Output the run of lines that opens with the first line of the material below and closes with the line containing "这是一张绿色农业绿色农田生态", both included, and drop the pictures.

◆ Information provided:
━━━━━━━━━━━━━━━━━━━━
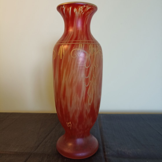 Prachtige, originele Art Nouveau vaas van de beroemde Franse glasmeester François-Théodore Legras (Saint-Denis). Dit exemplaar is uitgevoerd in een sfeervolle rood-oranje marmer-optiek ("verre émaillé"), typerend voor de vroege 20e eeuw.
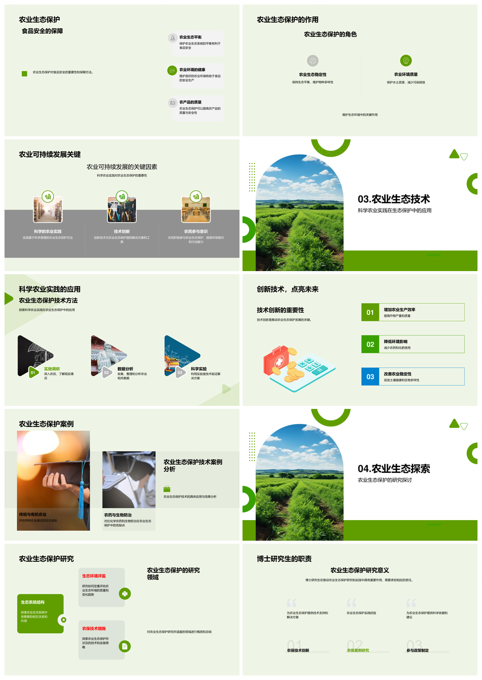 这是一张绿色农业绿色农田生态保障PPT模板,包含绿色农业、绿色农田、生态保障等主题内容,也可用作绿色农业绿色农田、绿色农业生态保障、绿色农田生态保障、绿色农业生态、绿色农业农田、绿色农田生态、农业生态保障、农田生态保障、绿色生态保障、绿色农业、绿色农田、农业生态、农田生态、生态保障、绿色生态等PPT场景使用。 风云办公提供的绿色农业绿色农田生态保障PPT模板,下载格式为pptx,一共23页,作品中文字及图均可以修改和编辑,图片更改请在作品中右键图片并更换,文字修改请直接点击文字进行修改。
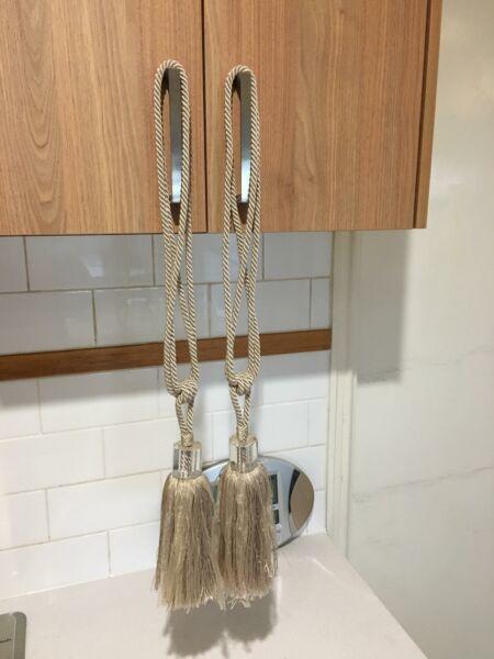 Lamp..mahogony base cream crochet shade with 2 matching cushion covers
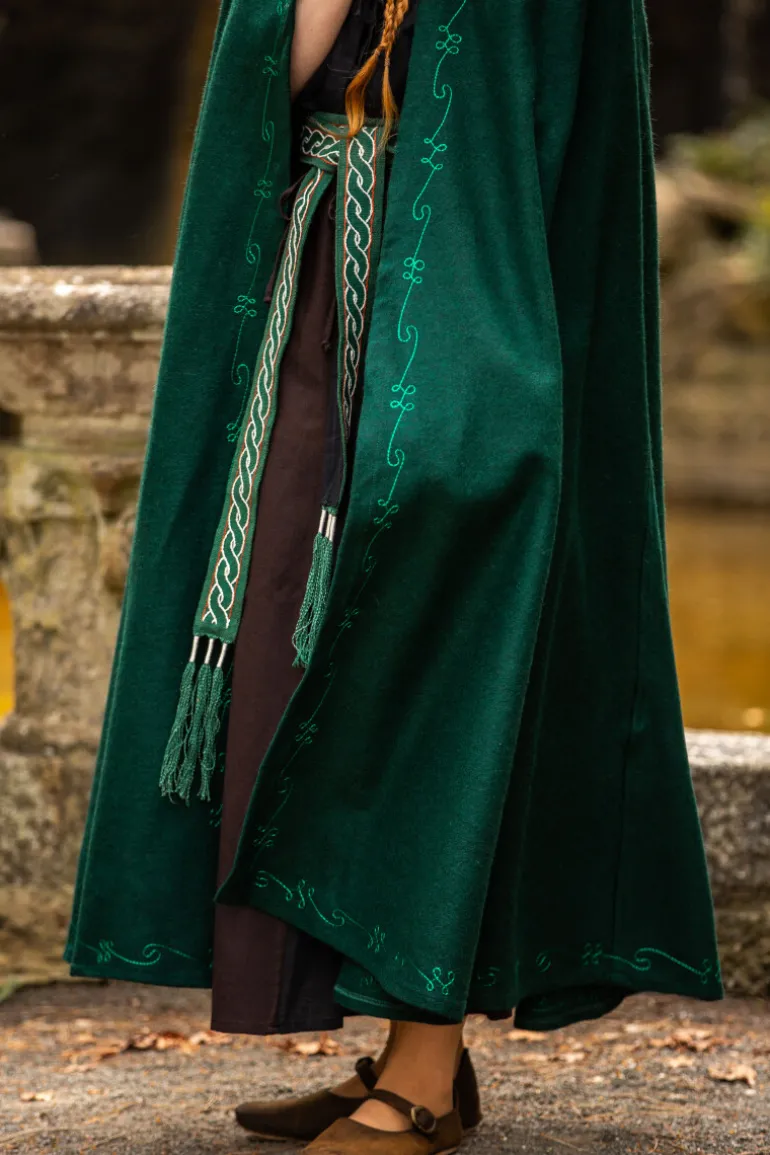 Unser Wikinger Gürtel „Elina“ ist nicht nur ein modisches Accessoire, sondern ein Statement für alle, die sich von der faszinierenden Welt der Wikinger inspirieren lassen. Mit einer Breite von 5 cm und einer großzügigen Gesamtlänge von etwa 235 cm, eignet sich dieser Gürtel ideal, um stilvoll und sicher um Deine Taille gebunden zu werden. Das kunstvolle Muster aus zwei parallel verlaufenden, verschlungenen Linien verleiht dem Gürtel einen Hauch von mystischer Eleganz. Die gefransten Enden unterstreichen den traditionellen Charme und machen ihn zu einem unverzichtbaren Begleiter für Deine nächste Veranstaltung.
━━━━━━━━━━━━━━━━━━━━
◆ Response area:
 Prachtige, originele Art Nouveau vaas van de beroemde Franse glasmeester François-Théodore Legras (Saint-Denis). Dit exemplaar is uitgevoerd in een sfeervolle rood-oranje marmer-optiek ("verre émaillé"), typerend voor de vroege 20e eeuw.
 这是一张绿色农业绿色农田生态保障PPT模板,包含绿色农业、绿色农田、生态保障等主题内容,也可用作绿色农业绿色农田、绿色农业生态保障、绿色农田生态保障、绿色农业生态、绿色农业农田、绿色农田生态、农业生态保障、农田生态保障、绿色生态保障、绿色农业、绿色农田、农业生态、农田生态、生态保障、绿色生态等PPT场景使用。 风云办公提供的绿色农业绿色农田生态保障PPT模板,下载格式为pptx,一共23页,作品中文字及图均可以修改和编辑,图片更改请在作品中右键图片并更换,文字修改请直接点击文字进行修改。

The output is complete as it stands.